Премия Андрея Белого, только что отметившая тридцатилетие, переживает крупнейший кризис в своей истории; такой, что, может, и не переживет. Достигли предела противоречия двух групп внутри премиального комитета: между основателями премии, рыцарями петербуржской вольной словесности Борисом Ивановым и Борисом Останиным и командой их более молодых коллег, чьи имена прозвучат ниже. Старики хотели изменений в регламенте (прежде всего — введения новых номинаций) и более бодрой ротации жюри, «молодых» конфигурация комитета (комитет и жюри — одно и то же) устраивала, а введение новых номинаций они не считали оправданным.

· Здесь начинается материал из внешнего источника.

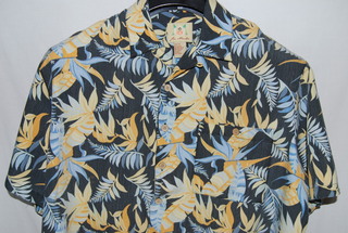 Joe Marlin's Men's Designer Casual Shirt, 2XL, Grey with Blue & Gold Hawaiian Design, Wooden Buttons, 65% Rayon, 35% Polyester, new without tags.

Впрочем, важны не подробности разногласий, а тот факт, что они привели к жесткой психологической несовместимости. Ситуация закачалась на ребре. Основатели Останин и Иванов зарегистрировали на свое имя марку премии, а также Устав и Положение, в которых закрепили свое право на концептуальные решения по регламенту. В ответ обиженная молодежь напечатала заявление от лица Комитета премии Андрея Белого (подписанное, однако, лишь отдельными его членами: Борисом Дубиным, Дмитрием Кузьминым, Виктором Лапицким и Глебом Моревым, а также поддержанное Анатолием Барзахом). В заявлении сообщено, что Останин и Иванов пусть и заслуженные, но вредители, что они (напомню, основатели, давшие в свое время согласие на пополнение комитета будущими бунтовщиками!) отстраняются от присуждения премии по номинациям «Проза», «Поэзия» и «Гуманитарные исследования» и могут лишь определять лауреата в номинации «За заслуги». Кроме того, выражено желание пополнить комитет новыми лицами: Андреем Левкиным, Аркадием Драгомощенко (призванным символизировать связь эпох) и Данилой Давыдовым.
Документ у молодежи вышел совершенно чудовищный. Сначала даже кажется, что это фальшивка, сионский протокол, что кто-то подставил милых граждан, которые сами ничего не подписывали и в следующее же мгновение дезавуируют инсинуацию.
Увы, не фальшивка.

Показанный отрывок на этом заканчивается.